Action item:
Word for word, retype the lines from the one containing "لأمة رسول الله" to the one containing "Szara, betonowa mydelniczka" below, keeping both end lines and dropping the pictures.

Materials provided Start Marker

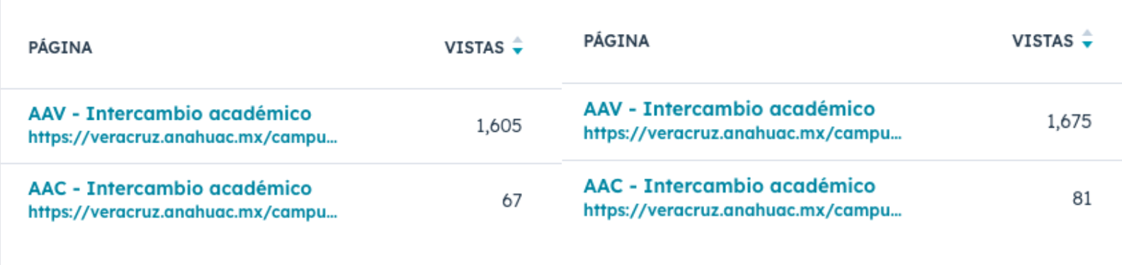 Para la página “Intercambio académico” podemos notar un aumento en cuanto a las vistas de ambas páginas de campus.
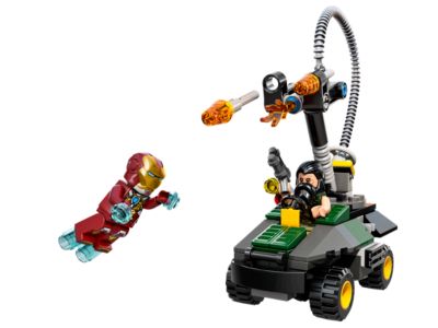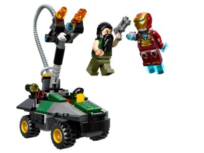 Face off as Iron Man against the Mandarin in a final battle at the Miami docks. Take on the ultra-tough armored car with a rotating flamethrower and launch dual flame flick missiles. Fly around the villain and avoid getting scorched. Includes 2 minifigures: Iron Man in Heart Breaker Armor and the Mandarin, plus a pistol. Rotate the flamethrower and fire the missiles. The Mandarin’s armored car is over 5 inches high, 3 inches long, and 2 inches wide.
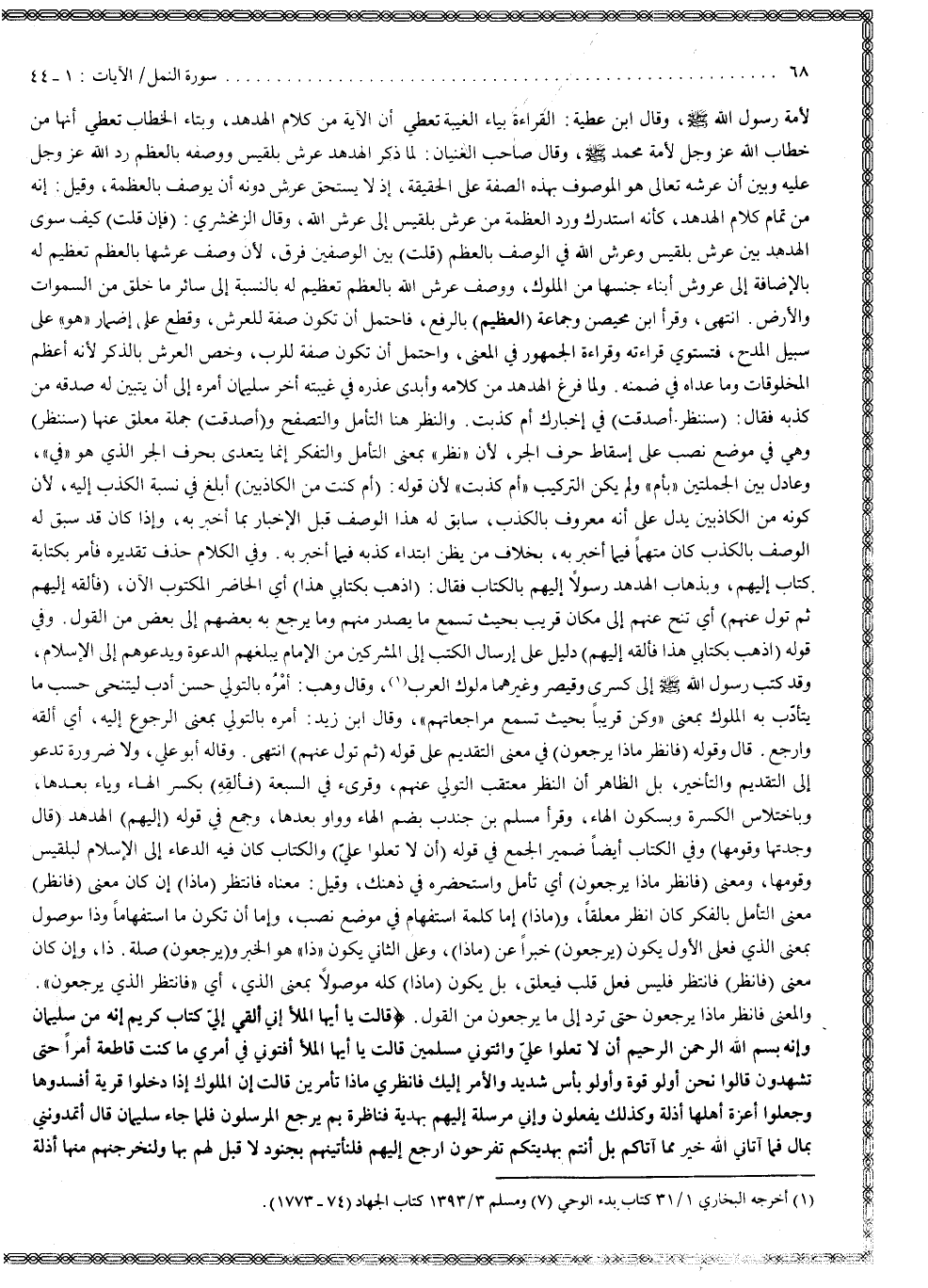 لأمة رسول الله ( صلى الله عليه وسلم ) ) . وقال ابن عطية : القراءة بياء الغيبة تعطي أن الآية من كلام الهدهد ، وبتاء الخطاب تعطي أنها من خطاب الله عز وجل لأمة محمد ( صلى الله عليه وسلم ) ) .
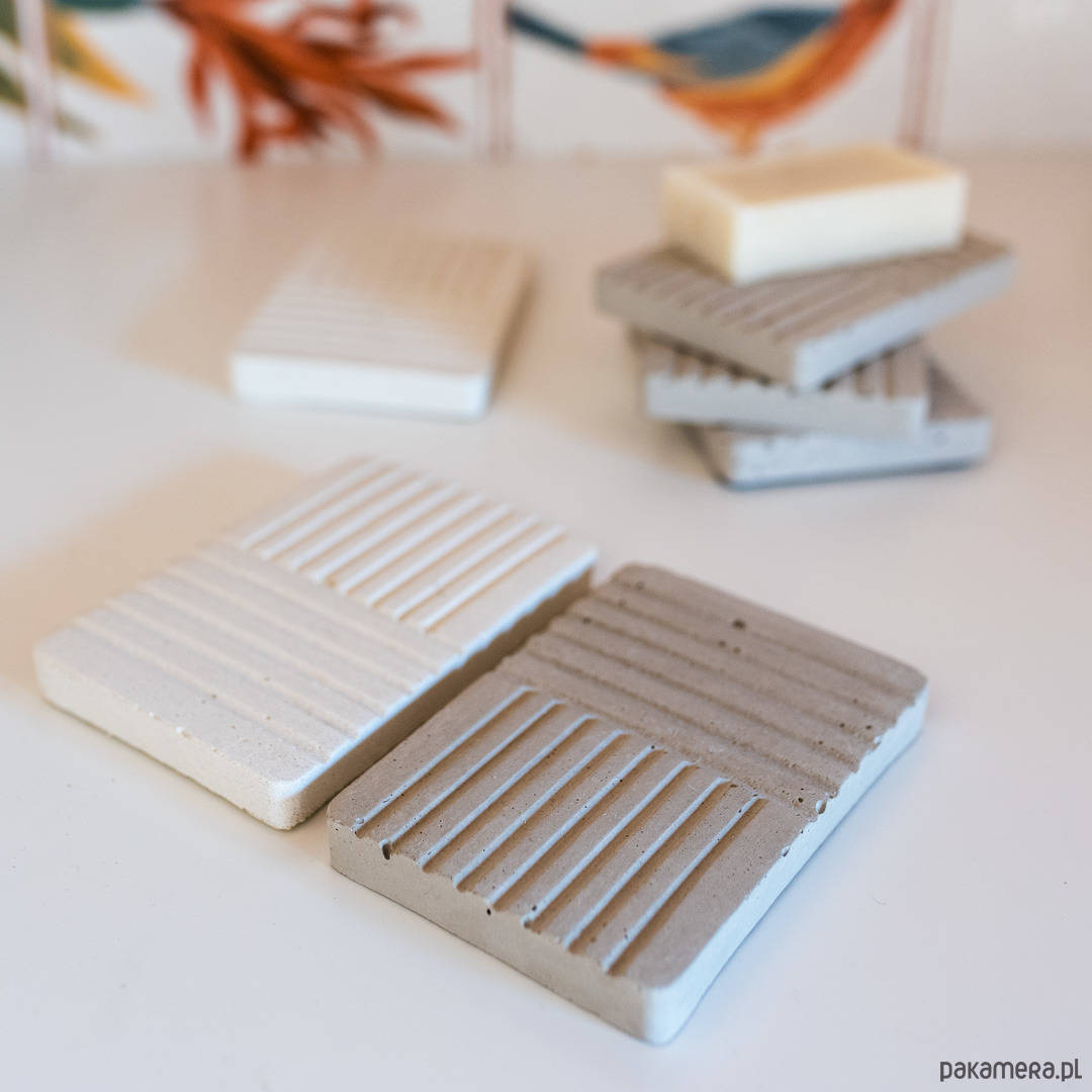Szara, betonowa mydelniczka o minimalistycznym designie wykonana ręcznie. Każda mydelniczka została pokryta ochronną warstwą wodoodpornego impregnatu , a na jej spodzie umieściliśmy silikonowe podkładki, aby nie rysowała powierzchni.
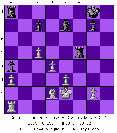 Last move : 0-1 2007 May 5 2:37:14 [Event "FICGS__CHESS__RAPID_C__000027"] [Site "FICGS"] [Date "2007.03.27"] [Round "1"] [White "Schafer,Banner"] [Black "Chacon,Marc"] [Result "0-1"] [WhiteElo "1259"] [BlackElo "1297"] 1.d4 d5 2.c4 e6 3.e3 Nf6 4.c5 Nc6 5.Nf3 Be7 6.Bb5 Bd7 7.Bxc6 Bxc6 8.Ne5 O-O 9.Nd2 Ne4 10.Nxe4 dxe4 11.O-O Bd5 12.Bd2 f6 13.Ng4 b6 14.b4 a5 15.a3 bxc5 16.bxc5 a4 17.h3 Bb3 18.Qe2 Qd5 19.f3 Bc4 20.Qf2 Bxf1 21.Kxf1 h5 22.fxe4 Qc4+ 23.Qe2 Qxe2+ 24.Kxe2 hxg4 25.hxg4 f5 26.exf5 exf5 27.gxf5 Rxf5 0-1 Queen's gambit declined Kingside Castling by player Black (move 8) Kingside Castling by player White (move 11) Player Black won this chess game. Follow this game move after move (download)It is the aim of the modern school, not to treat every position according to one general law, but according to the principle inherent in the position. (Richard Reti) Wer sich die Fähigkeit anerziehen will im Schach selbstständig zu denken, der muß alles meiden, was leblos ist: ausgeklügelte Theorien, die sich auf sehr wenige Beispiele und eine Menge Hirngespinste stützen. (Emanuel Lasker) A través de las casillas del tablero, los Indios explican el movimiento del tiempo y la edad, las influencias mas altas que controlan el mundo y los lazos que vinculan al Ajedrez con el alma humana. (Al-Masudi) La solitude du joueur d'Echecs à l'approche du mat est semblable à celle du condamné. (Francis Szpiner) Now the reason the enlightened prince and the wise general conquer the enemy whenever they move and their achievements surpass those of ordinary men is foreknowledge. (Sun Tzu)

Materials provided End Marker

Your solution:
 لأمة رسول الله ( صلى الله عليه وسلم ) ) . وقال ابن عطية : القراءة بياء الغيبة تعطي أن الآية من كلام الهدهد ، وبتاء الخطاب تعطي أنها من خطاب الله عز وجل لأمة محمد ( صلى الله عليه وسلم ) ) .
Szara, betonowa mydelniczka o minimalistycznym designie wykonana ręcznie. Każda mydelniczka została pokryta ochronną warstwą wodoodpornego impregnatu , a na jej spodzie umieściliśmy silikonowe podkładki, aby nie rysowała powierzchni.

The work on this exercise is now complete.